Stance in Replies and Quotes (SRQ): A New Dataset For Learning Stance in
Twitter Conversations
- URL: http://arxiv.org/abs/2006.00691v2
- Date: Sat, 27 Jun 2020 21:23:20 GMT
- Title: Stance in Replies and Quotes (SRQ): A New Dataset For Learning Stance in
Twitter Conversations
- Authors: Ramon Villa-Cox, Sumeet Kumar, Matthew Babcock, Kathleen M. Carley
- Abstract summary: We present the largest human-labeled stance dataset for Twitter conversations with over 5200 stance labels.
We include many baseline models for learning the stance in conversations and compare the performance of various models.
- Score: 8.097870074875729
- License: http://arxiv.org/licenses/nonexclusive-distrib/1.0/
- Abstract: Automated ways to extract stance (denying vs. supporting opinions) from
conversations on social media are essential to advance opinion mining research.

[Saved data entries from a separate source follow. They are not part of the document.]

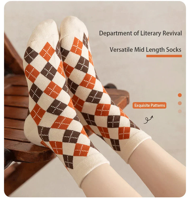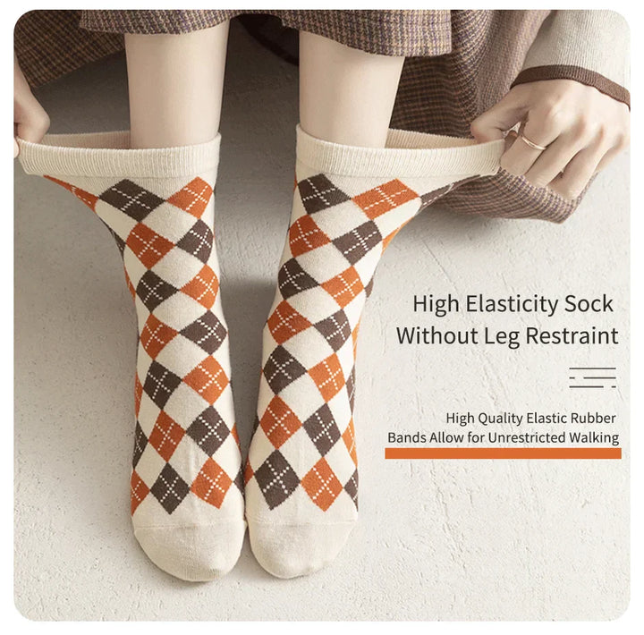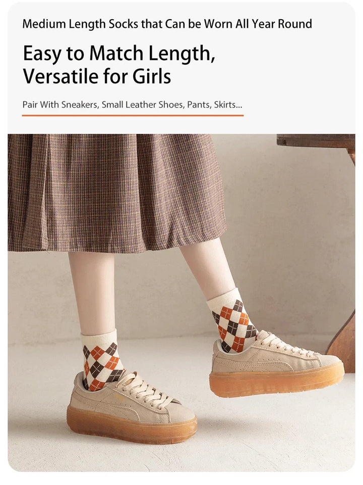 • Flattering Design :Featuring a vintage flower diamond plaid stripe design, these socks add a touch of elegance to your outfit.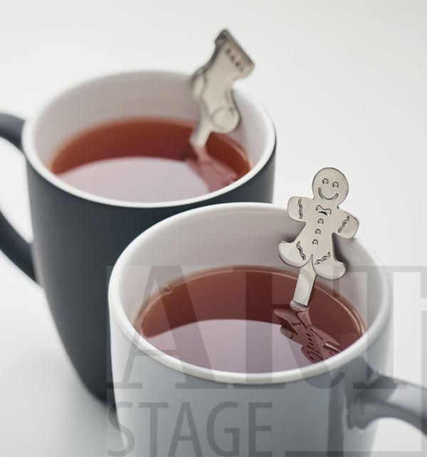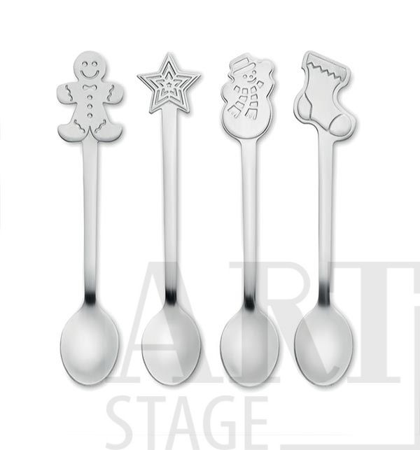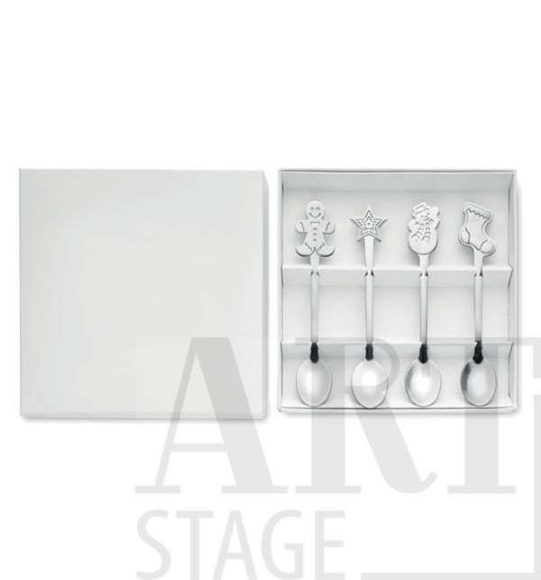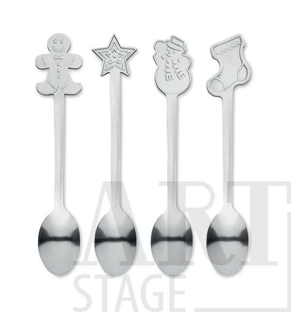 Set of 4 different stainless steel Christmas motif tea spoons. Presented in giftbox.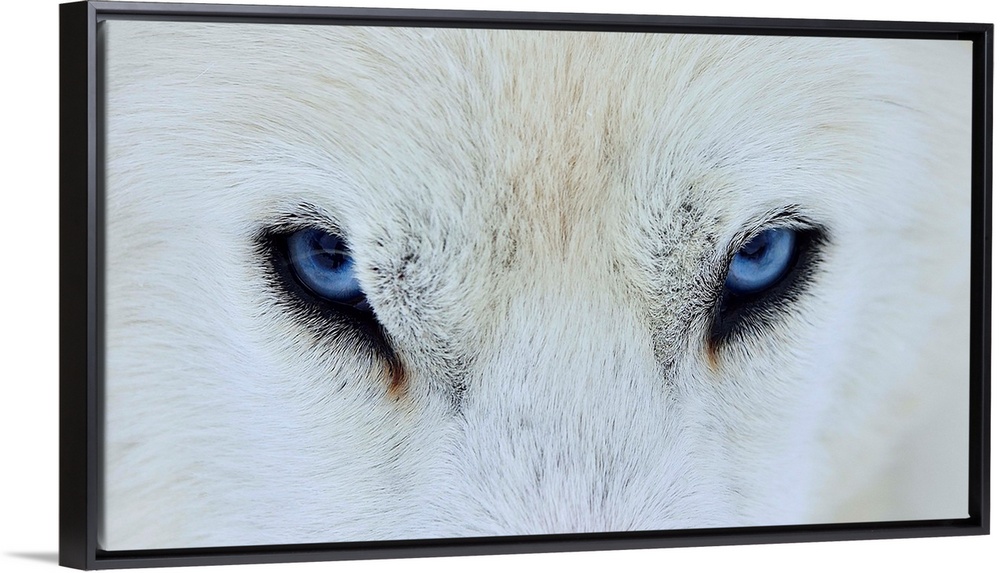 <p>A close-up portrait of a white wolf with piercing blue eyes.</p>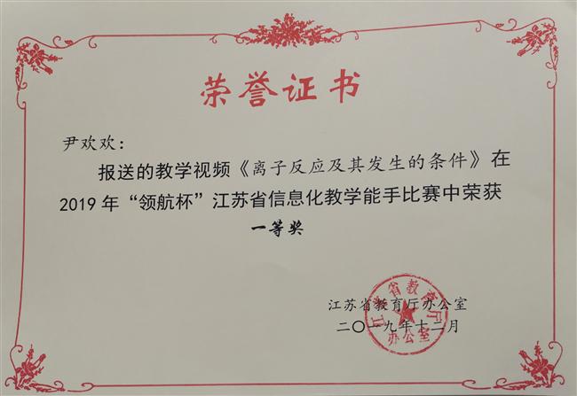 祝贺尹欢欢老师荣获江苏省信息化教学能手比赛一等奖
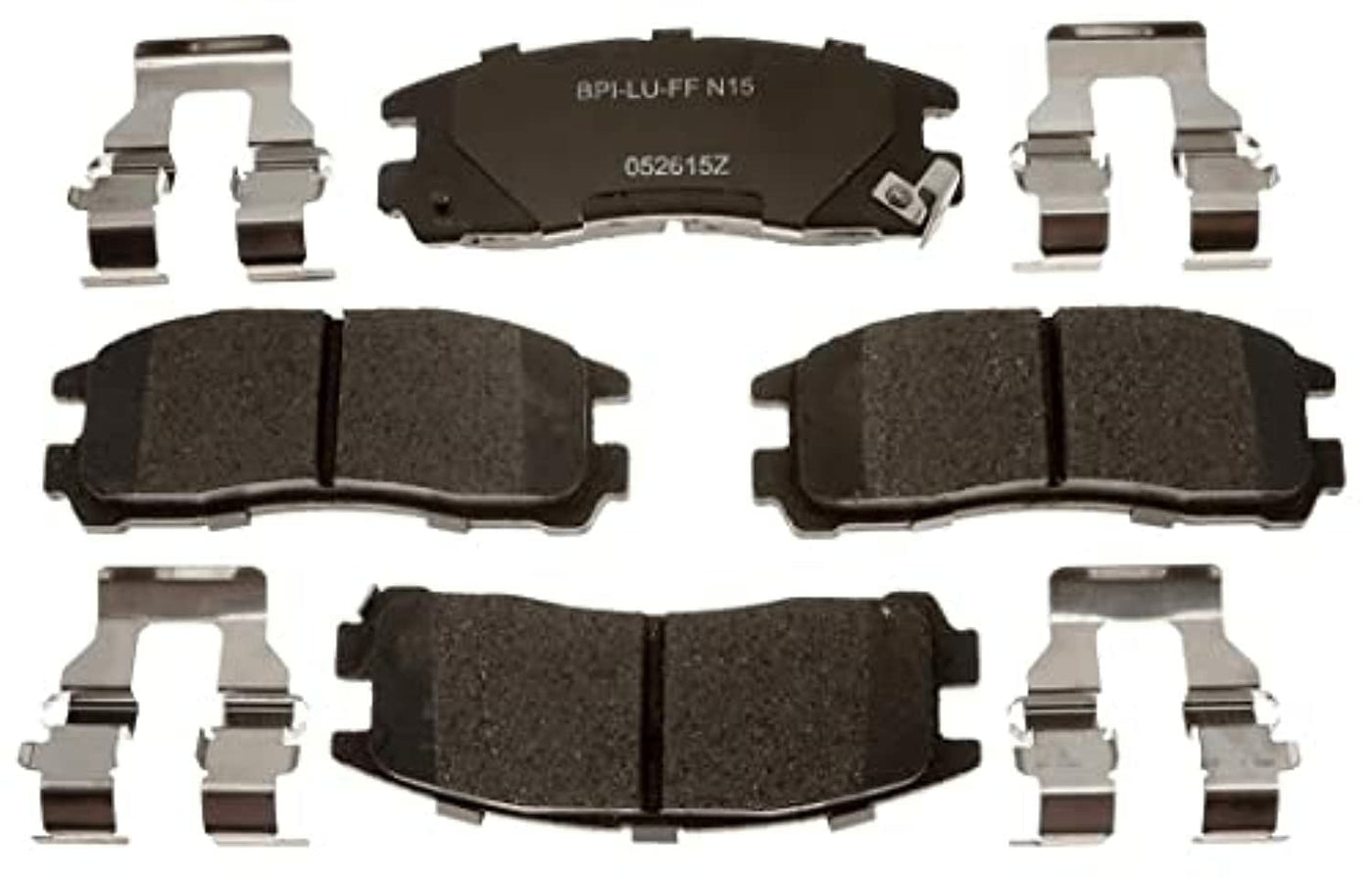 Q: How do the premium noise damping features work in these brake pads?A: The Raybestos MGD383CH brake pads are equipped with a premium noise damping layered shim, which helps reduce vibrations and noise during braking, ensuring a quieter and more comfortable driving experience.

Recently, there is a renewed excitement in the field as we see new models
attempting to improve the state-of-the-art. However, for training and
evaluating the models, the datasets used are often small. Additionally, these
small datasets have uneven class distributions, i.e., only a tiny fraction of
the examples in the dataset have favoring or denying stances, and most other
examples have no clear stance. Moreover, the existing datasets do not
distinguish between the different types of conversations on social media (e.g.,
replying vs. quoting on Twitter). Because of this, models trained on one event
do not generalize to other events.
In the presented work, we create a new dataset by labeling stance in
responses to posts on Twitter (both replies and quotes) on controversial
issues. To the best of our knowledge, this is currently the largest
human-labeled stance dataset for Twitter conversations with over 5200 stance
labels. More importantly, we designed a tweet collection methodology that
favors the selection of denial-type responses. This class is expected to be
more useful in the identification of rumors and determining antagonistic
relationships between users. Moreover, we include many baseline models for
learning the stance in conversations and compare the performance of various
models. We show that combining data from replies and quotes decreases the
accuracy of models indicating that the two modalities behave differently when
it comes to stance learning.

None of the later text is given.